As we know that the equation of the form a{x^2} + 2hxy + b{y^2} = 0 is called the second degree homogeneous equation, the second degree homogeneous equation represents the pair of straight lines passing through the origin.

The second degree homogeneous equation is given as

a{x^2} + 2hxy + b{y^2} = 0\,\,\,\,{\text{ - - - }}\left( {\text{i}} \right)

This equation (i) can be rewritten in the form

b{y^2} + 2hxy + a{x^2} = 0\,\,\,\,{\text{ - - - }}\left( {{\text{ii}}} \right)
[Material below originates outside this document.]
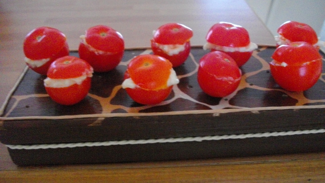 Il s'agit de tomates cerises farcies avec des miettes de crabe à la mayonnaise.

Considering the above equation (ii) as a quadratic equation in terms of y and using the quadratic formula to solve this equation, we have

\begin{gathered} y = \frac{{ - 2hx \pm \sqrt {{{\left( {2hx} \right)}^2} - 4\left( b \right)\left( {a{x^2}} \right)} }}{{2\left( b \right)}} \\ \Rightarrow y = \frac{{ - 2hx \pm \sqrt {4{h^2}{x^2} - 4ab{x^2}} }}{{2b}} \\ \Rightarrow y = \frac{{ - 2hx \pm 2x\sqrt {{h^2} - ab} }}{{2b}} \\ \Rightarrow y = \frac{{2x\left( { - h \pm \sqrt {{h^2} - ab} } \right)}}{{2b}} \\ \Rightarrow y = \left( {\frac{{ - h \pm \sqrt {{h^2} - ab} }}{b}} \right)x\,\,\,{\text{ - - - }}\left( {{\text{iii}}} \right) \\ \end{gathered}

Let {m_1} = \frac{{ - h + \sqrt {{h^2} - ab} }}{b} and {m_2} = \frac{{ - h - \sqrt {{h^2} - ab} }}{b}

Making these substitutions, equations (iii) are y = {m_1}x and y = {m_2}x, which are obviously equations of lines passing through the origin because there are no y-intercepts in these equations (iii).

This shows that the second degree homogeneous equation represents the pair of straight lines passing through the origin.